Reps Question Gottlieb on Bayer's Follow-Up Essure Studies
Posted 31 October 2017 | By
Reps. Rosa DeLauro (D-CT), Jan Schakowsky (D-IL) and Louise Slaughter (D-NY) on Monday sent a letter to FDA Commissioner Scott Gottlieb regarding concerns related to Bayer's postmarket study for its permanent birth control device Essure.
A year and a half after Bayer's postmarket study was initiated, "It is unclear whether Bayer acted with urgency to enroll patients, or if the study results will be delayed. The FDA cannot continue to allow Bayer to drag its feet on this post-market study while women are continuing to suffer," the representatives wrote.
The letter comes as Bayer decided in September to halt all sales of Essure outside the US, though the company said that decision was a commercial one and not related to safety concerns.
The device has been linked to four adult deaths, 15 incidences of pregnancy loss and 631 reports of pregnancies in those using the device. And although FDA decided not to pull the device from the market, in February the agency required Bayer to add a boxed warning to the device and to conduct a surveillance study.

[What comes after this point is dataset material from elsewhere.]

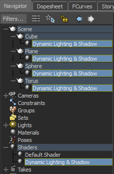 To use the Dynamic Lighting & Shadows shader in the scene objects:

According to the letter sent by the three representatives, there are currently 60 approved sites for the postmarketing study but, "Only one patient has been enrolled," though Bayer has said publicly that 100 patients have been enrolled in the safety study.

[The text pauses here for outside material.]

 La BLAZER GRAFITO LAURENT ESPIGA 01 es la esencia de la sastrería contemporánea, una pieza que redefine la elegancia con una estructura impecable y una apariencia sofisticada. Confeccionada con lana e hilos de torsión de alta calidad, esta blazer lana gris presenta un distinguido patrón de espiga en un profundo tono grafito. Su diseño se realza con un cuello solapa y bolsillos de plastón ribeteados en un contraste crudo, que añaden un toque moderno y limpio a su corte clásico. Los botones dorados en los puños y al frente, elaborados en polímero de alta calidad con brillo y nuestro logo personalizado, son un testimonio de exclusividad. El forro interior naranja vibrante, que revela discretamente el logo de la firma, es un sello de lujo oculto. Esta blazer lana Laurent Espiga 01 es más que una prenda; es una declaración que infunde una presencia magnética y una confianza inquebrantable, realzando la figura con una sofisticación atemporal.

The representatives are seeking more information from Gottlieb on what FDA is doing to ensure that Bayer complies with the timeline for recruiting patients in its study, when the official number of patients enrolled will be released, how many trial sites are recruiting patients, how Bayer is ensuring that potential participants are informed of the new boxed warning and whether participants in the study will be tested for a nickel allergy prior to enrollment.